◆ **BRIEF**
From the first line to the last, copy the material word for word; pictures stay out.

━━━━━━━━━━━━━━━━━━━━

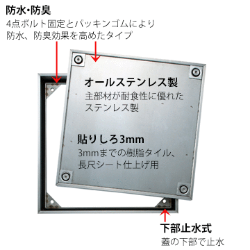 特 長 1.4点ボルト固定とパッキンゴムで、防水・防臭 2.耐食性に優れたステンレス枠、ステンレス目地 3.蓋の下部で止水 4.ボルト頭に引っかけて持ち上げる「引き上げハンドル」付き 仕 様 ★樹脂タイル用:貼りしろ3mmまでの樹脂タイル、長尺シート仕上げ用 ★適用荷重:歩行用 3.5Kn/m2 ★取手タイプ:ボルト ★鍵:簡易ロック ★内蓋・外枠・アンカー:SUS304 ★底板・蓋補強材:SUS430 ★パッキン:クロロプレンゴム ★ロックねじ:ステンレス 付属品 ★目地用スペーサー ★引き上げハンドル…六角レンチ(呼び6)の代わりにもなります ※ご注文頂く前に画像に記載されているサイズを必ずご参照、ご確認ください。
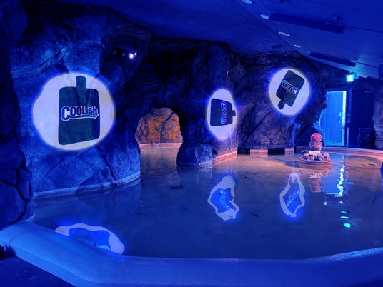 今年3月にリニューアルオープンした屋外エリア「ロックマウンテン」一帯が、「クーリッシュゾーン」としてお楽しみいただけます。同商品のCMに登場する「巨大な白き龍・バニラドラゴン」をイメージしたコラボスライダー「バニラドラゴンスライダー」では「クーリッシュ」を飲んだ時のような爽快感あふれる滑走をご体験いただけます。また、「クーリッシュ」のパッケージを意識した鮮やかなブルーが特徴の「クーリッシュ 洞窟風呂」では「クーリッシュ」をイメージした入浴料「く~りっし湯」を使用。甘いバニラの香りに包まれる心地の良いバスタイムをお楽しみいただけます。
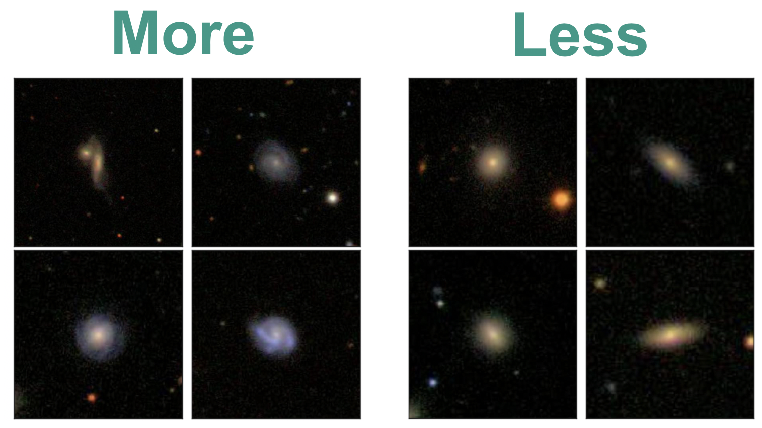 What does this mean in practice? Those choosing the ‘Enhanced’ workflow will see somewhat fewer simple galaxies (like the ones on the right), and somewhat more galaxies which are diverse, interesting and unusual (like the ones on the left). You will still see both interesting and simple galaxies, and still see every galaxy if you make enough classifications.
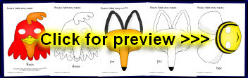 A set of printable cut-out masks for role-playing the story of the Rosie’s Walk. Simply cut out the eye-holes, laminate and attach to a stick for children’s role-play or to retell the story.
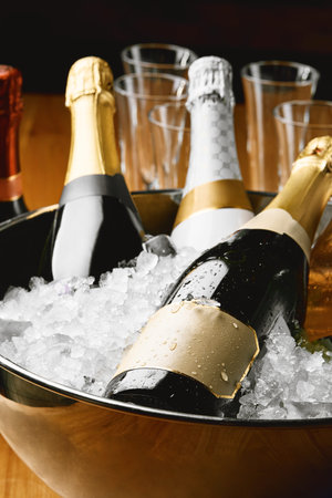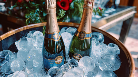 Champagne bottles in ice. Winemaking concept, copy space.
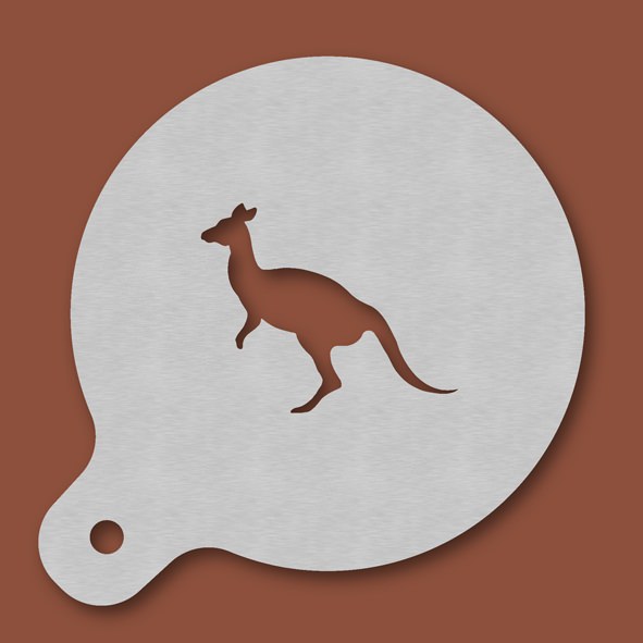 Cappuccino-Schablone Känguru, Außendurchmesser 120 mm, Motivdurchmesser ca. 70 mm, aus Edelstahl mit Handgriff und integriertem Aufhänger, spülmaschinengeeignet, Lieferung in Verkaufsverpackung mit Kartoneinlage und Bedienungsanleitung
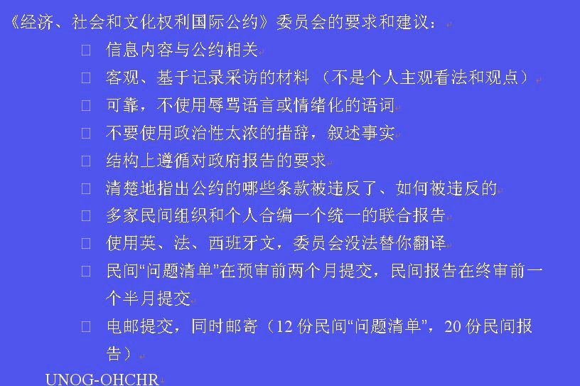 3、民间团体可以就委员会“问题清单”里面的某一个或几个具体问题,进行独立调查、收集可靠数据和核实有关事实,然后将调查结果在审议之前提交委员会。民间团体也可以联合向委员会提交关于经社文权利的专题性或全面性的报告。
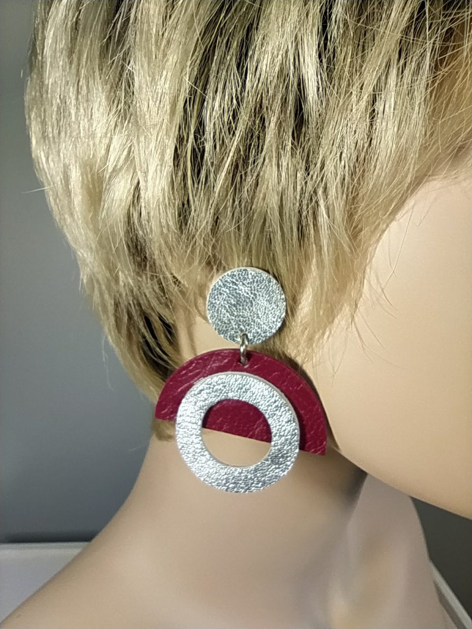Boucles géométriques cuir émeraude et violet, de la légèreté avant tout, le cuir est une matière noble et légère. Leur forme est très moderne et hyper tendance. Les couleurs se marient à merveille. Les motifs en cuir ont été découpés par mes soins avec une grande précision. Accrochage par « clou » inséré dans les 2 épaisseurs de cuir.

━━━━━━━━━━━━━━━━━━━━

◆ **THE COMPLETED TASK**
 特 長 1.4点ボルト固定とパッキンゴムで、防水・防臭 2.耐食性に優れたステンレス枠、ステンレス目地 3.蓋の下部で止水 4.ボルト頭に引っかけて持ち上げる「引き上げハンドル」付き 仕 様 ★樹脂タイル用:貼りしろ3mmまでの樹脂タイル、長尺シート仕上げ用 ★適用荷重:歩行用 3.5Kn/m2 ★取手タイプ:ボルト ★鍵:簡易ロック ★内蓋・外枠・アンカー:SUS304 ★底板・蓋補強材:SUS430 ★パッキン:クロロプレンゴム ★ロックねじ:ステンレス 付属品 ★目地用スペーサー ★引き上げハンドル…六角レンチ(呼び6)の代わりにもなります ※ご注文頂く前に画像に記載されているサイズを必ずご参照、ご確認ください。
 今年3月にリニューアルオープンした屋外エリア「ロックマウンテン」一帯が、「クーリッシュゾーン」としてお楽しみいただけます。同商品のCMに登場する「巨大な白き龍・バニラドラゴン」をイメージしたコラボスライダー「バニラドラゴンスライダー」では「クーリッシュ」を飲んだ時のような爽快感あふれる滑走をご体験いただけます。また、「クーリッシュ」のパッケージを意識した鮮やかなブルーが特徴の「クーリッシュ 洞窟風呂」では「クーリッシュ」をイメージした入浴料「く~りっし湯」を使用。甘いバニラの香りに包まれる心地の良いバスタイムをお楽しみいただけます。
 What does this mean in practice? Those choosing the ‘Enhanced’ workflow will see somewhat fewer simple galaxies (like the ones on the right), and somewhat more galaxies which are diverse, interesting and unusual (like the ones on the left). You will still see both interesting and simple galaxies, and still see every galaxy if you make enough classifications.
 A set of printable cut-out masks for role-playing the story of the Rosie’s Walk. Simply cut out the eye-holes, laminate and attach to a stick for children’s role-play or to retell the story.
 Champagne bottles in ice. Winemaking concept, copy space.
 Cappuccino-Schablone Känguru, Außendurchmesser 120 mm, Motivdurchmesser ca. 70 mm, aus Edelstahl mit Handgriff und integriertem Aufhänger, spülmaschinengeeignet, Lieferung in Verkaufsverpackung mit Kartoneinlage und Bedienungsanleitung
 3、民间团体可以就委员会“问题清单”里面的某一个或几个具体问题,进行独立调查、收集可靠数据和核实有关事实,然后将调查结果在审议之前提交委员会。民间团体也可以联合向委员会提交关于经社文权利的专题性或全面性的报告。
Boucles géométriques cuir émeraude et violet, de la légèreté avant tout, le cuir est une matière noble et légère. Leur forme est très moderne et hyper tendance. Les couleurs se marient à merveille. Les motifs en cuir ont été découpés par mes soins avec une grande précision. Accrochage par « clou » inséré dans les 2 épaisseurs de cuir.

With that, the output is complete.